Note 2 Le point est qu’en commençant par une théorie de programme relativement abstraite, plutôt qu’une forêt d’initiatives distinctes, un programme de recherche d’études intra et inter-cas peut commencer à débloquer les variations des résultats qui suivent régulièrement la mise en œuvre des directives. Ainsi, dans le cas présent, j’ai commencé par une théorie de mise en œuvre rudimentaire selon laquelle le personnel débutant était plus enclin à respecter les directives approuvées par la profession, tandis que les praticiens expérimentés étaient plus susceptibles de faire confiance à leur propre jugement. Cette théorie est pleine de trous ou, comme Popper pourrait le préférer, a un besoin urgent d' »élimination des erreurs ». Ainsi, nous découvrons que les praticiens expérimentés peuvent être des défenseurs enthousiastes des directives – s’ils travaillent dans des institutions orientées vers des perspectives épidémiologiques plus larges.

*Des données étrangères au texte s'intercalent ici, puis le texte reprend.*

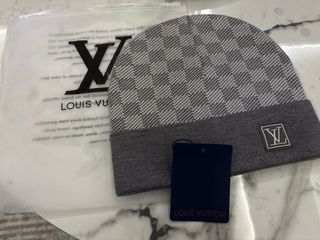 Berretto Louis Vuitton con un design a scacchiera. - Logo Louis Vuitton applicato. - Fascia inferiore in tinta unita.

Nous découvrons que la préférence de certains praticiens expérimentés pour leur propre jugement réside en réalité dans le fait qu’ils ne disposent pas de l’infrastructure du système pour mettre en œuvre une nouvelle directive. Nous découvrons que certains membres du personnel relativement jeunes adoptent effectivement les lignes directrices, mais qu’ils le font parce qu’elles leur offrent de l’autonomie et de la responsabilisation, plutôt que d’apporter la sagesse de la recherche. Nous découvrons que d’autres groupes subalternes suivent les directives approuvées par la recherche simplement parce qu’elles sont intégrées dans l’initiation et la formation. Nous découvrons que les praticiens bien disposés à l’égard des nouvelles directives sont souvent contrariés dans l’application des schémas parce que d’autres parties prenantes (souvent avec plus de pouvoir) perçoivent que les changements auront des conséquences dommageables dans leurs sphères opérationnelles.